According to michaelfreedman's post, TigerFS 0.7 records every filesystem operation in a history log, then lets you undo from a named snapshot, revert a single file or operation, or selectively undo the work of a specific agent.
TigerFS frames the pitch against three familiar failure modes for agent infrastructure:
- local files have no transactions or isolation
- Git is built for collaboration, but awkward as an undo log
- S3-style object storage gives agents files, not coordinated state
The product page says TigerFS gives agents atomic writes and automatic version history through a filesystem interface they already know.
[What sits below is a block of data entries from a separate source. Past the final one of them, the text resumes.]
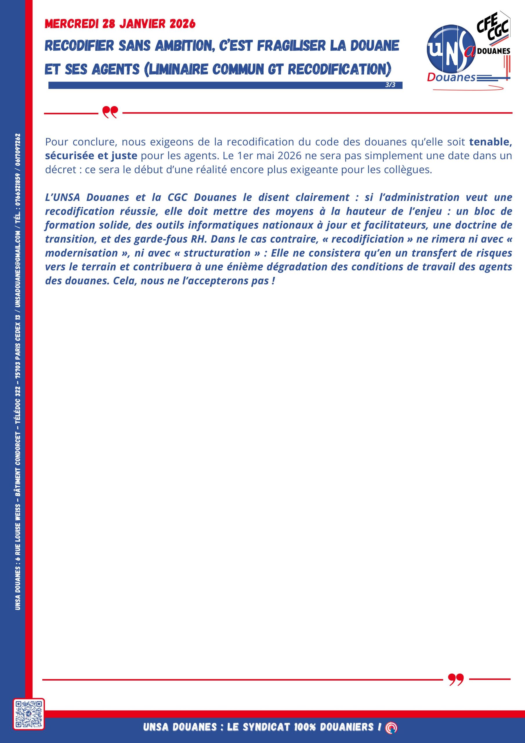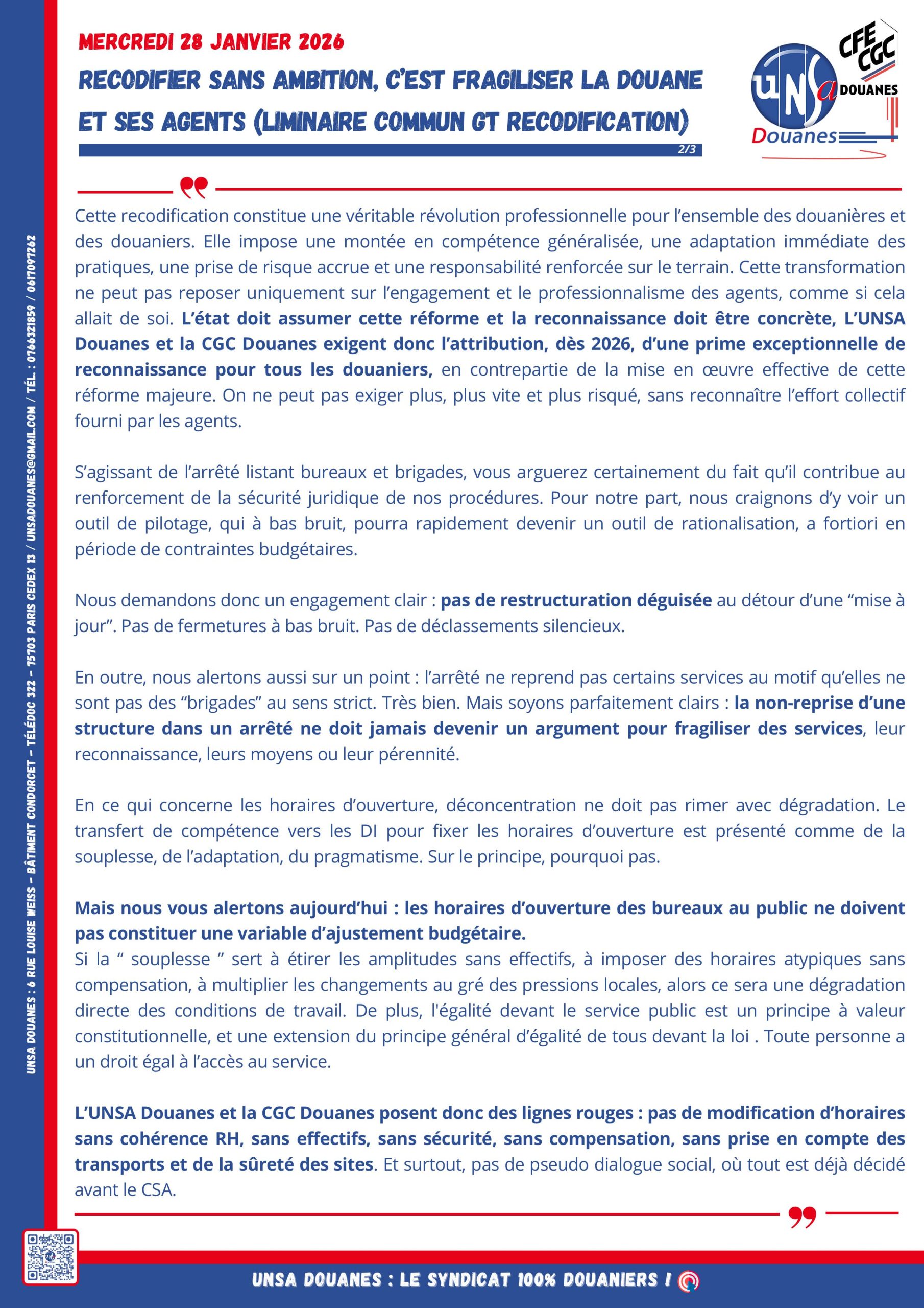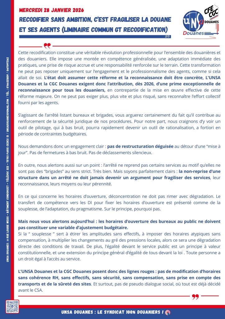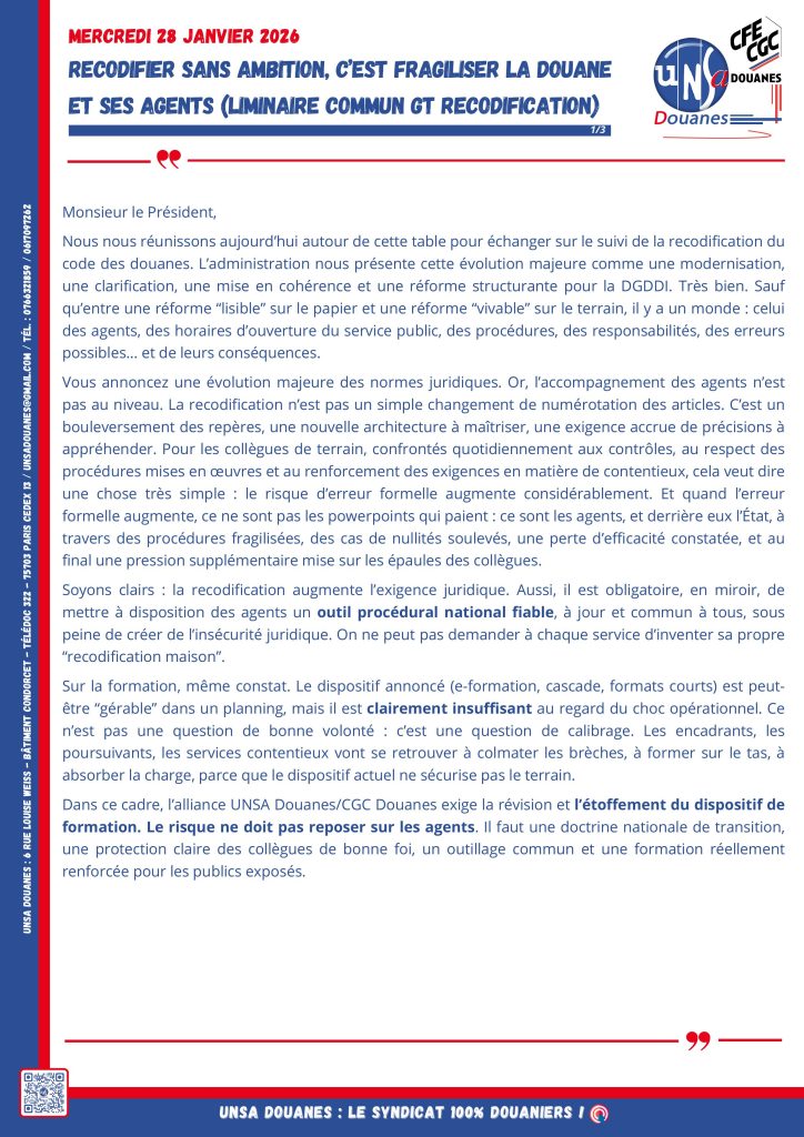 GT Suites de la recodification du Code des Douanes 28 janvier 2026 (déclaration liminaire commune) Posted on 28 janvier 2026 by admin
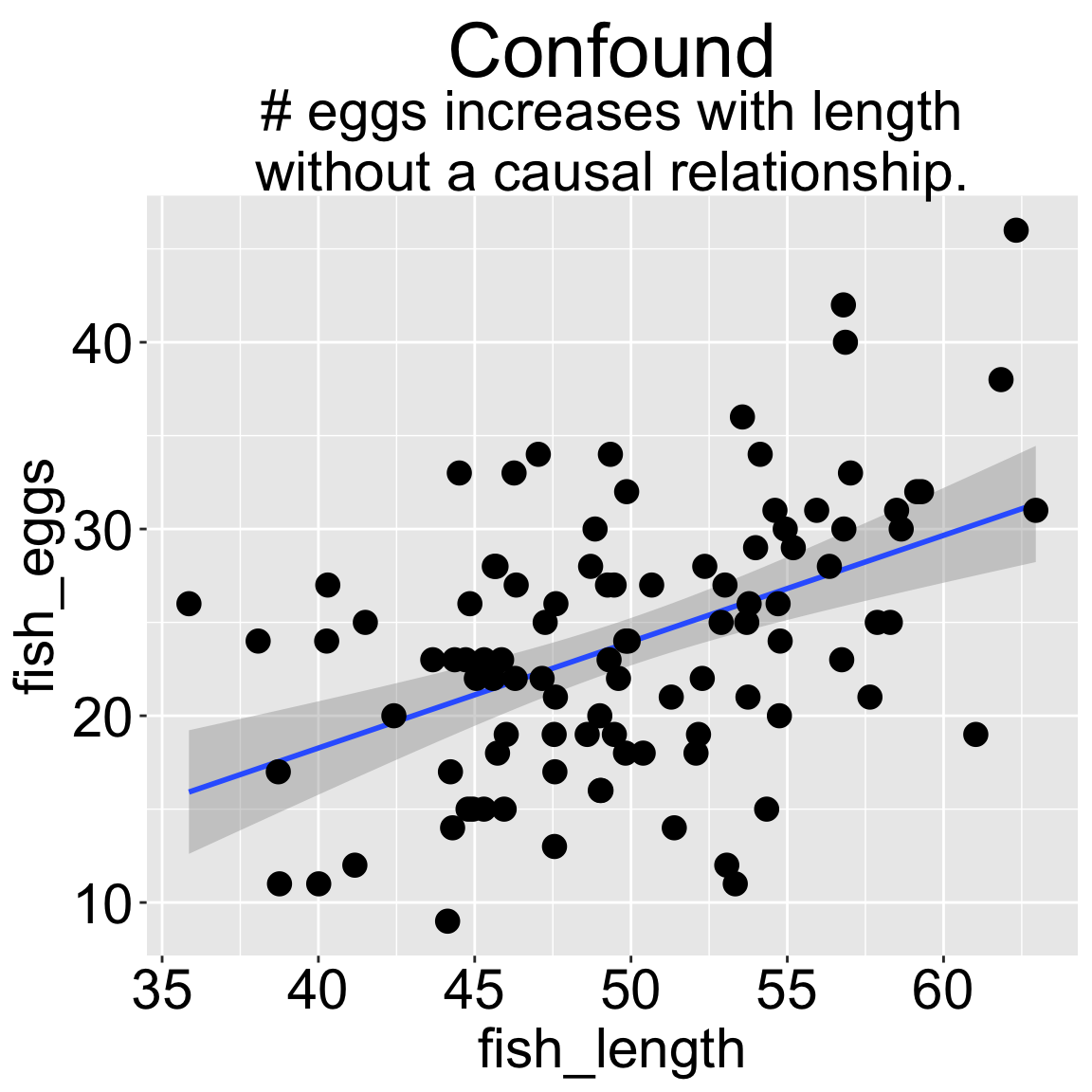 | lm(fish_eggs~ fish_length, data = confounded_fish) | ||||
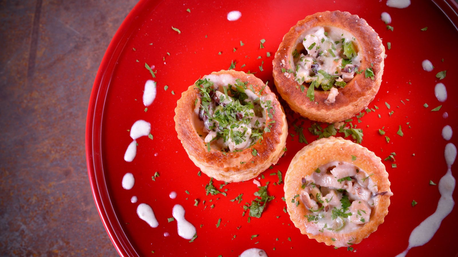 Seguidamente, rellenamos los volovanes de hojaldre con las verduras y el pollo. Cubrimos con la salsa de manchego. Rematamos con un poco de perejil picado por encima.

The GitHub changelog also shows versioned .history/ views as a first-class surface, which helps explain how the rollback feature is being exposed.
Snapshots
LangSmith's version of the primitive is less about reverting one bad step and more about booting lots of sandboxes from the same prepared baseline.
The sandbox snapshots docs define a snapshot as a reusable filesystem bundle backed by a Docker image. You can build one from any image, or capture one from a running sandbox after installing packages and preparing data, then reuse that captured state as a new starting point.
LangChain paired that with a cost claim: teams can spin up 10 parallel branches for roughly the cost of one. computesdk's storagesdk launch, built with Tigris, made the same developer pitch in object storage form: branch a bucket per agent run, mutate safely, replay from the same baseline.
This is where the category stops looking like backup tooling and starts looking like agent runtime design. The unit being copied is not just data durability, it is a prepared workspace.
Durability gaps
Day 69: Our COMMS agent crashed mid-execution 3 times in 24 hours. The pattern it revealed.
1 comments
The timing of these launches lines up with a specific complaint from people running longer agent loops: failures often happen after the useful work is done, while the runtime is trying to checkpoint or clean up.
the Reddit post in r/AI_Agents described an on-demand agent that completed its operational work, then died during final reporting, memory updates, and todo writes. The author argued that many systems have crash-resume checkpoints for external actions, but not for the agent lifecycle itself, especially shutdown.
badlogicgames pushed on the same weak spot from the workflow side, asking how a system can guarantee durability for arbitrary workflows when it promises resume semantics. In a follow-up, badlogicgames' later post called the implementation smart but still noted minor footguns.
That gives the June 2 wave a cleaner read: branches and snapshots are only half the story. Vendors are also trying to make agent state resumable enough that a failed closeout step does not force a full rerun.
Session control
The last interesting wrinkle is that agent products are starting to expose these primitives above the filesystem.
ClaudeDevs changed /fork so it runs a background agent with the exact system prompt, tools, history, model, and prompt cache from the current session, then returns the result back into that session. The old behavior survives as /branch, which now means transcript copy into a new session you drive manually.
On the OpenAI side, WesRoth's post and daniel_mac8's post both surfaced Codex features for creating and managing sessions across complex workflows. Codex v0.136.0's release notes back up part of that shift with concrete lifecycle controls:
- archive and unarchive sessions
- resume app-server threads with their initial turns page
- register remote execution with API keys
- swap remote-control auth to short-lived server tokens
Put together, the storage vendors are making state cheap to fork, while coding agents are getting better at treating sessions themselves as branchable runtime objects.